A cruise is pretty much out of the question.  Even if your family member changed into a mermaid, it’s not like the Royal Caribbean will stop to pick them up when they’re done stretching their fins.  In that case, I hope you have enough money to afford your own private yacht or small scooner.  Also, let’s hope the Coast Guard won’t stop to chat. 

Camping would probably be the best trip for the shapeshifting relatives because there’s enough room to roam free.  The beach wouldn’t be a bad idea as long as you choose semi-private.  The last thing a stranger wants to see is her human child playing with a cheetah or a wolf on the beach.  I can see the non-shifter husband trying to explain the scene away: “Don’t worry.  That’s just my harmless wife going for a lope with your son.  She likes children.”
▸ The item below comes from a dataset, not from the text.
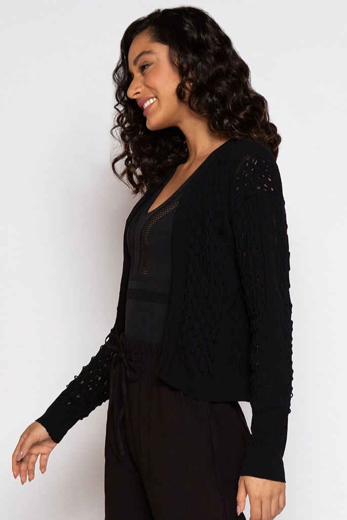 Cardigan confeccionado em renda sem costura, elastano 40, com ponto tricot e comprimento regular, que traz modernidade para a peça. Possui punho e vista canelados. Peça diferenciada e clássica, ideal para ser combinada com vestidos, calças, shorts e saias de nossas coleções. Produto com informação de moda no estilo clássico e básico, que não pode faltar em um guarda-roupa invernal. Composição: 92% Poliamida, 8% Elastano. Código do produto: I06412

I guess the biggest worry would be someone reporting a wild animal on the loose.  How in the world do you explain it to animal control?  “Sir, my husband is just going for a rabbit snack because he didn’t get enough to eat at the dinner theatre.  I swear.  You can even test that blood dripping from his jaw.”

The most interesting part would come from the kids, of course.  We all know how well they can keep a secret when they’re five years old, right?

Mrs. Spears checked off the next name on her list.  “And Rebecca, honey, would you please share with the class what your mommy does for a living?”

“Oh, my mommy turns into a lion at night and goes after deers.  Sometimes, though, she’s not good at gettin’ all the blood off her paws.  Daddy sometimes has to lick it for her.  Then, they both flop over on their sides with their bellies full of deer meat, beaver meat, and that mean ol’ Mr. D’Amario who’s always ‘plaining about the smell comin’ from the shed.  I bet he won’t ‘plain no more.”

“Oh.  Okay.  Um…Michele, honey, you’re uh…you’re next.  I think.  And Rebecca, sweetie, don’t go anywhere, okay?  We should really talk to Principal Devoti after school.  Maybe share this story with the school counselor, Mr. St. Giles, while we’re at it.”

Little Rebecca shook her head.  “Uh uh.  My mommy told me not to tell nobody.  I only shared this with you ’cause you asked us to.  Mommy and Daddy said nothing ’bout sharin’ it.  If I told you, Mommy and Daddy might put you next to the rest of Mr. D’Amario.  That would make me sad.”

Let’s not forget about the sibling rivalries.  That’s a nightmare waiting to happen, especially when you have to worry about little Deborah being a werewolf and fully aware of what territorial rights mean.  Poor little AJ is bound to lose an arm if she steals her sister’s doll.

Is anyone else worried about the shapeshifters in the family?

~Marcia Colette




  1. Beth C. said,

    hmm, you know I don’t think I worry about my family’s shifter heritage because all my parents and kids are all shifters. I think the hard thing would be if you had two unaware half-breeds who have a child who becomes a shifter. Then no-one knows what to expect.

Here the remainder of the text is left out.